**DATASET EXCERPT**:
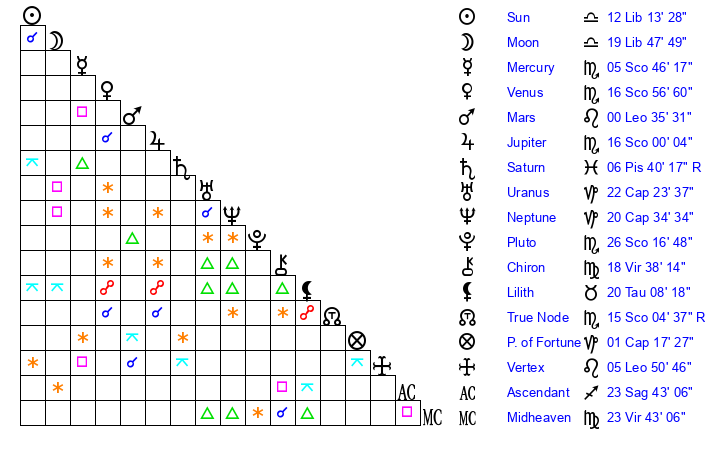 Moon | 19 Libra 38 | 22 Pisces 50 | 13 Sagittarius 9 |
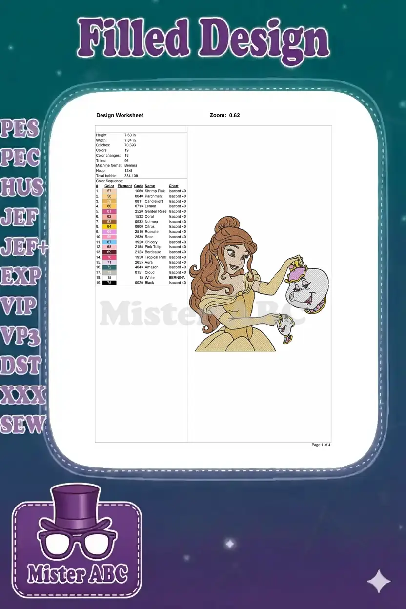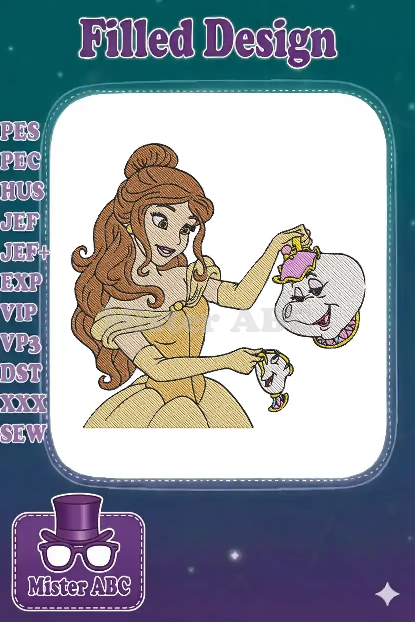 Beauty and the Beast Belle Mrs Potts Chip embroidery designs
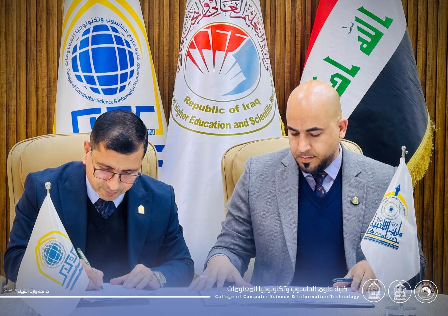 وقعت كلية الإدارة والإقتصاد في جامعة وارث الانبياء(عليه السلام) اتفاقية علمية مع كلية الإدارة الصناعية للنفط والغاز في جامعة البصرة ،مثل الجامعة السيدان المعاونان العلمي والاداري لعميد كلية الادارة والاقتصاد الدكتور فهد مغيمش الشمري، والدكتور حسين معتوق ، ومثل كلية الادارة الصناعية عميد الكلية الاستاذ الدكتور سامي عبيد التميمي.حيث تضمنت الإتفاقية مجموعة من المحاور والبرامج العلمية الأكاديمية منها تبادل الزيارات العلمية، واقامة المؤتمرات، وكتابة البحوث المشتركة بين اساتذة الجامعتين ، بالاضافة الى تقييم الاداء والاشراف العلمي وبرامج لتدريب الطلبة.

**PROBLEM DETAILS**: Retype the listing exactly. Leave out its pictures.

**WRITTEN RESPONSE**:
 Moon | 19 Libra 38 | 22 Pisces 50 | 13 Sagittarius 9 |
 Beauty and the Beast Belle Mrs Potts Chip embroidery designs
 وقعت كلية الإدارة والإقتصاد في جامعة وارث الانبياء(عليه السلام) اتفاقية علمية مع كلية الإدارة الصناعية للنفط والغاز في جامعة البصرة ،مثل الجامعة السيدان المعاونان العلمي والاداري لعميد كلية الادارة والاقتصاد الدكتور فهد مغيمش الشمري، والدكتور حسين معتوق ، ومثل كلية الادارة الصناعية عميد الكلية الاستاذ الدكتور سامي عبيد التميمي.حيث تضمنت الإتفاقية مجموعة من المحاور والبرامج العلمية الأكاديمية منها تبادل الزيارات العلمية، واقامة المؤتمرات، وكتابة البحوث المشتركة بين اساتذة الجامعتين ، بالاضافة الى تقييم الاداء والاشراف العلمي وبرامج لتدريب الطلبة.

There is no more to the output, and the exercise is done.